:: Task prompt ::
Below are records with pictures; copy word for word only the lines between the line with "Faceted Malachite Teardrop" and the line with "Soft gray fabric, easy", inclusive, and drop the pictures.

:: The data ::
:::::

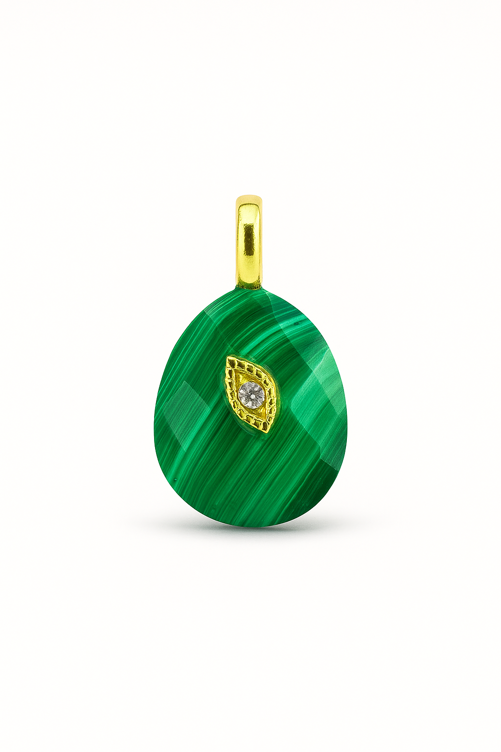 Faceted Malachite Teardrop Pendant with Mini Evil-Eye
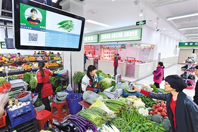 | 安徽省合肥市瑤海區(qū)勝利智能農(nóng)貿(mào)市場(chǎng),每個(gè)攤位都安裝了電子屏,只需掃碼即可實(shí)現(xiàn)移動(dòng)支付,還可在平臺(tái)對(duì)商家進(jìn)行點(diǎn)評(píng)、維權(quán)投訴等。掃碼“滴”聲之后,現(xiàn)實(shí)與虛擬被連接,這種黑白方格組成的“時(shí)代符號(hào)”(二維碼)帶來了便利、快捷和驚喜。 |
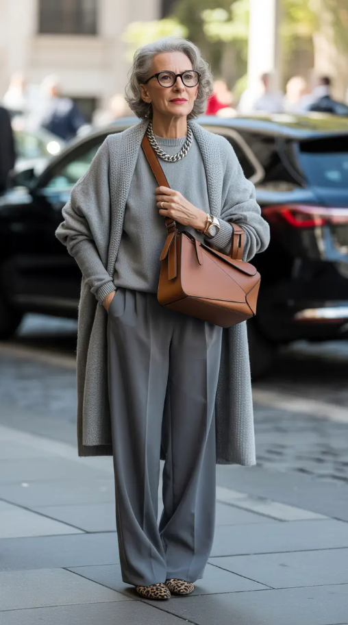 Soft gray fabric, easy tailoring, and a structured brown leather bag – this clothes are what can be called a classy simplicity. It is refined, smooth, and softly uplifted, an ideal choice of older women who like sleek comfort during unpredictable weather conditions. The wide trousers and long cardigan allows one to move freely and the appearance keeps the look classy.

:::::

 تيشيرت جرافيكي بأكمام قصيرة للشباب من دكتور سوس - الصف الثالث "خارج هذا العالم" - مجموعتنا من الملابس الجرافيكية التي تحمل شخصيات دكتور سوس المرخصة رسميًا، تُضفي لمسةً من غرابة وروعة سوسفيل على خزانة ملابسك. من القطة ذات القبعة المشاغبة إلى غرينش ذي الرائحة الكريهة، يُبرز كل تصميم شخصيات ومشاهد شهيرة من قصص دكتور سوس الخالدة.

:::::

:: Task answer ::
 Faceted Malachite Teardrop Pendant with Mini Evil-Eye
 | 安徽省合肥市瑤海區(qū)勝利智能農(nóng)貿(mào)市場(chǎng),每個(gè)攤位都安裝了電子屏,只需掃碼即可實(shí)現(xiàn)移動(dòng)支付,還可在平臺(tái)對(duì)商家進(jìn)行點(diǎn)評(píng)、維權(quán)投訴等。掃碼“滴”聲之后,現(xiàn)實(shí)與虛擬被連接,這種黑白方格組成的“時(shí)代符號(hào)”(二維碼)帶來了便利、快捷和驚喜。 |
 Soft gray fabric, easy tailoring, and a structured brown leather bag – this clothes are what can be called a classy simplicity. It is refined, smooth, and softly uplifted, an ideal choice of older women who like sleek comfort during unpredictable weather conditions. The wide trousers and long cardigan allows one to move freely and the appearance keeps the look classy.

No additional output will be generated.